──────── DATASET RECORDS

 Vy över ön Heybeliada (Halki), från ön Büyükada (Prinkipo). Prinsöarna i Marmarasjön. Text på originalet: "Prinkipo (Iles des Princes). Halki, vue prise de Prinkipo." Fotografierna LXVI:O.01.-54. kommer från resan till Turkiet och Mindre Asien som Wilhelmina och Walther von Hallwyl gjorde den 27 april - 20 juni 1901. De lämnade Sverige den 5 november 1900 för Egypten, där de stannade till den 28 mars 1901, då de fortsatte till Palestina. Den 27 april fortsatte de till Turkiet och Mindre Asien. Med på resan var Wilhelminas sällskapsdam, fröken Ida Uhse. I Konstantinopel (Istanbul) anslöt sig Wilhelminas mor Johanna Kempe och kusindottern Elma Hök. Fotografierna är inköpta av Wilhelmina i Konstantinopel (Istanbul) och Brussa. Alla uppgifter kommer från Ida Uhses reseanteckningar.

────────────────
──────── DATASET RECORDS

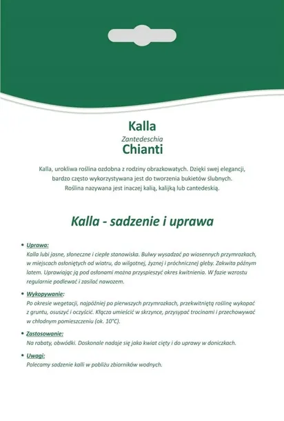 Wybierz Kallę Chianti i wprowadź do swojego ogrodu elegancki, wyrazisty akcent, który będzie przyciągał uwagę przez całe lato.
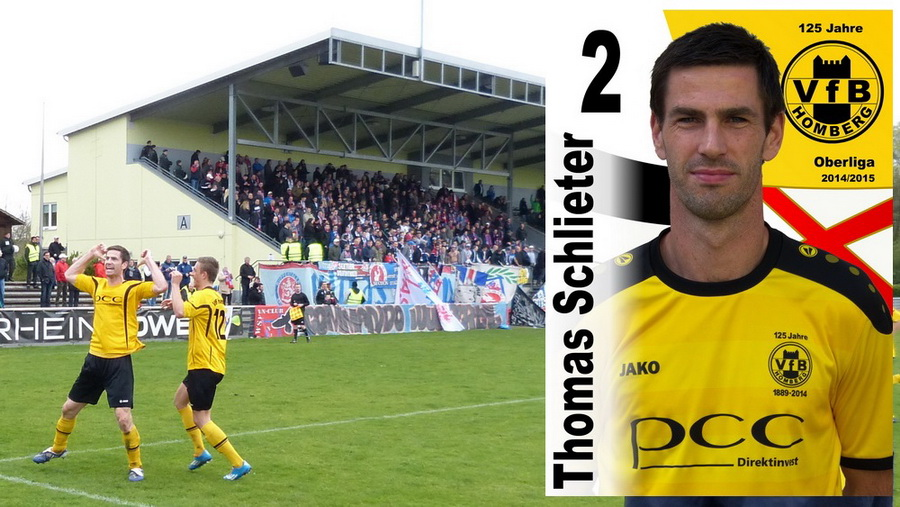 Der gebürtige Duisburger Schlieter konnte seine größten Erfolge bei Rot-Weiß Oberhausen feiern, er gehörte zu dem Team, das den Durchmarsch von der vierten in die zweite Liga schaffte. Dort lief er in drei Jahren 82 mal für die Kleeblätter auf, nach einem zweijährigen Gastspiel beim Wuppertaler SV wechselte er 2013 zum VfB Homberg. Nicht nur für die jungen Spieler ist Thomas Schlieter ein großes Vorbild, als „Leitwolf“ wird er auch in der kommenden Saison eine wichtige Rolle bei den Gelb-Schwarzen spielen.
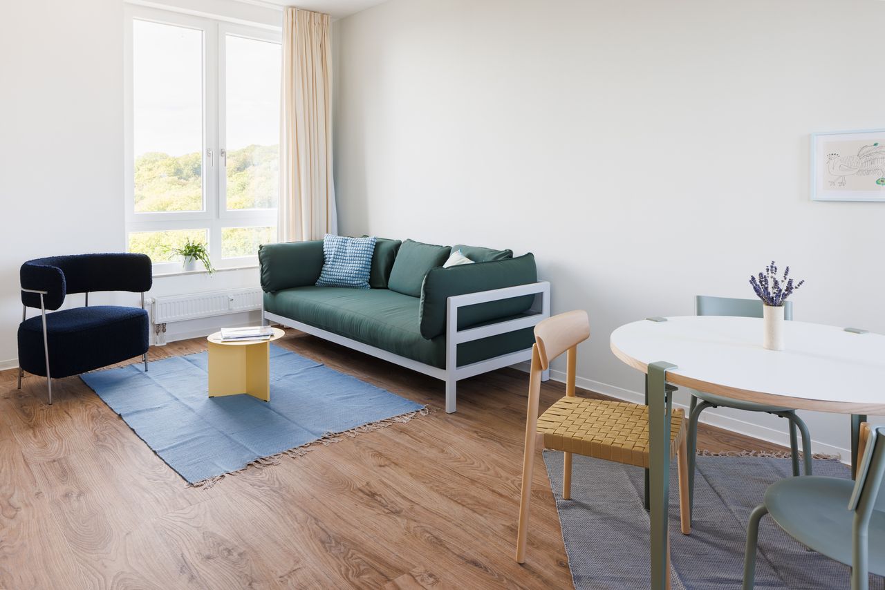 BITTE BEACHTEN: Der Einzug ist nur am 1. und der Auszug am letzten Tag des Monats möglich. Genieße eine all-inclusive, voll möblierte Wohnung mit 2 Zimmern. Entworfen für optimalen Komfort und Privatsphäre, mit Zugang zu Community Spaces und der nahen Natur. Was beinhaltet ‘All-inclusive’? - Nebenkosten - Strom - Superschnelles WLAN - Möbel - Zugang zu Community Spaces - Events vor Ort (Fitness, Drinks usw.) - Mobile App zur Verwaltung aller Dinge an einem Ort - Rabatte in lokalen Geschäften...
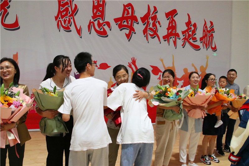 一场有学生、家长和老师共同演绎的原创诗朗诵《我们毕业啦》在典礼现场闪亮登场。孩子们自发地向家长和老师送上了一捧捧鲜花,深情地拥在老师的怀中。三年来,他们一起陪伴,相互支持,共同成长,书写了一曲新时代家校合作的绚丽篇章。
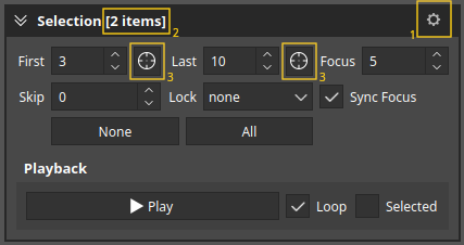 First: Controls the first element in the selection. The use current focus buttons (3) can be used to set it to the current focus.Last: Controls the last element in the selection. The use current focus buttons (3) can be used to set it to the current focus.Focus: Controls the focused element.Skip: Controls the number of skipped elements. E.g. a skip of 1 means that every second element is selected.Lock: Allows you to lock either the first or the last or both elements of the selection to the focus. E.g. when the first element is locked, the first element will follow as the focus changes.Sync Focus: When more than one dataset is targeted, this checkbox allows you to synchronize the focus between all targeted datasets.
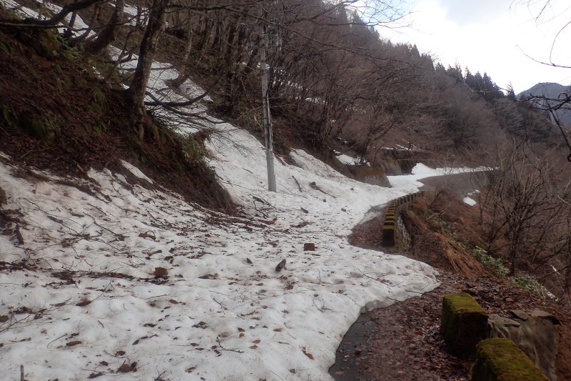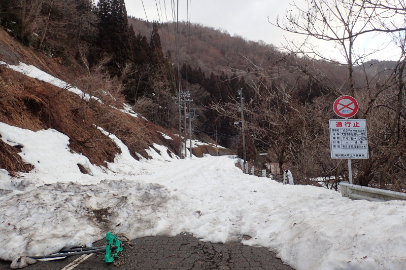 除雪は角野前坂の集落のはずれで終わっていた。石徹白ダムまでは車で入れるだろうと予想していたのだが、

────────────────
──────── DATASET RECORDS

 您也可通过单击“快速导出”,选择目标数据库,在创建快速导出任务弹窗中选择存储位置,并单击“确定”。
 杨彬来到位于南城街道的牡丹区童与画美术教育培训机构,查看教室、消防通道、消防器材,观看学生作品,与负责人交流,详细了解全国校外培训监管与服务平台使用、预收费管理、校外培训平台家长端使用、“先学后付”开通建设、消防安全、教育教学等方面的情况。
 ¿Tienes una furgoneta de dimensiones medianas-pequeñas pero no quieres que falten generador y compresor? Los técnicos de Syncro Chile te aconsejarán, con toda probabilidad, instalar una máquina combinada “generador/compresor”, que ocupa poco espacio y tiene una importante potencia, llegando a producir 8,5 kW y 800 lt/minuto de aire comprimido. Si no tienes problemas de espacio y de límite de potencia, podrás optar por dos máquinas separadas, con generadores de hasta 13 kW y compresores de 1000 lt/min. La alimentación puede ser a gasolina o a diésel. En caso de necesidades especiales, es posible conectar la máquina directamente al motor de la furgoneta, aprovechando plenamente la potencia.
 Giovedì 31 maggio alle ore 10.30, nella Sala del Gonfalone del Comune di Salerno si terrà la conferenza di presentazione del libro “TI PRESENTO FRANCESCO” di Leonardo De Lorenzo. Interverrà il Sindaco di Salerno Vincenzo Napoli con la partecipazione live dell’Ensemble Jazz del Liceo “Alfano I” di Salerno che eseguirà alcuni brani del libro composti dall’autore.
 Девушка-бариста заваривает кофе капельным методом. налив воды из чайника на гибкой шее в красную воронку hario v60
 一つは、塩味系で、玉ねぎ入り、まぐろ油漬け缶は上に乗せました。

────────────────

PROMPT:
Within the material above, extract exactly the lines that start at the line containing "Giovedì 31 maggio" and stop after the line containing "一つは、塩味系で、玉ねぎ入り、まぐろ油漬け缶は上に乗せました。", and only those.

RESPONSE TO THIS EXERCISE:
 Giovedì 31 maggio alle ore 10.30, nella Sala del Gonfalone del Comune di Salerno si terrà la conferenza di presentazione del libro “TI PRESENTO FRANCESCO” di Leonardo De Lorenzo. Interverrà il Sindaco di Salerno Vincenzo Napoli con la partecipazione live dell’Ensemble Jazz del Liceo “Alfano I” di Salerno che eseguirà alcuni brani del libro composti dall’autore.
 Девушка-бариста заваривает кофе капельным методом. налив воды из чайника на гибкой шее в красную воронку hario v60
 一つは、塩味系で、玉ねぎ入り、まぐろ油漬け缶は上に乗せました。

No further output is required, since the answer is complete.